» **What you are asked to do**:
Please transcribe the data that follows without the pictures, keeping every word the same.

» **Information provided**:
'''
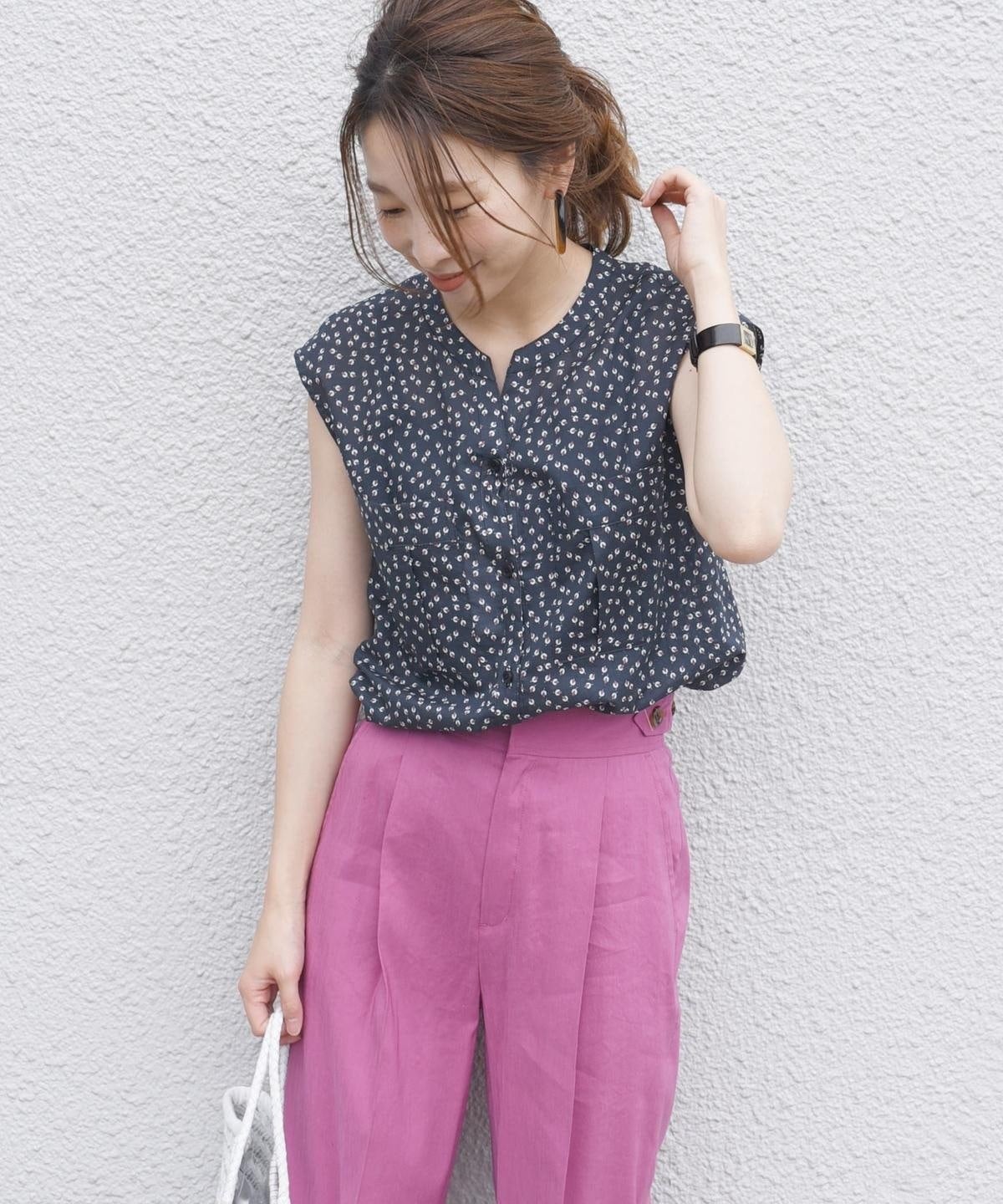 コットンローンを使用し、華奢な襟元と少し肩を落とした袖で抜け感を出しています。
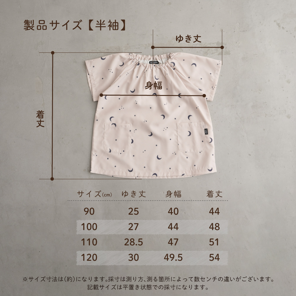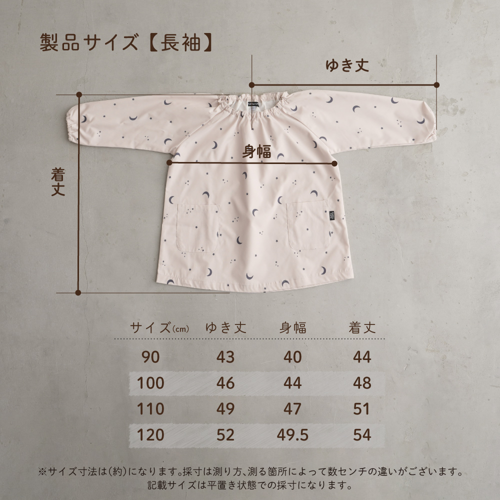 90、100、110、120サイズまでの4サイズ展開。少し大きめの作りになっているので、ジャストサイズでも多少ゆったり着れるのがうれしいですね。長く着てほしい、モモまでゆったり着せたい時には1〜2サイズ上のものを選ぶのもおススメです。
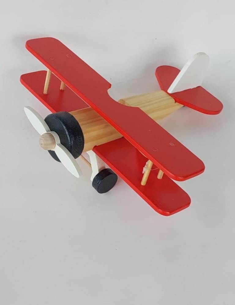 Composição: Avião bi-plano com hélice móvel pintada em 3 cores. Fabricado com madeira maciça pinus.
'''
» **Output for this task**:
 コットンローンを使用し、華奢な襟元と少し肩を落とした袖で抜け感を出しています。
 90、100、110、120サイズまでの4サイズ展開。少し大きめの作りになっているので、ジャストサイズでも多少ゆったり着れるのがうれしいですね。長く着てほしい、モモまでゆったり着せたい時には1〜2サイズ上のものを選ぶのもおススメです。
 Composição: Avião bi-plano com hélice móvel pintada em 3 cores. Fabricado com madeira maciça pinus.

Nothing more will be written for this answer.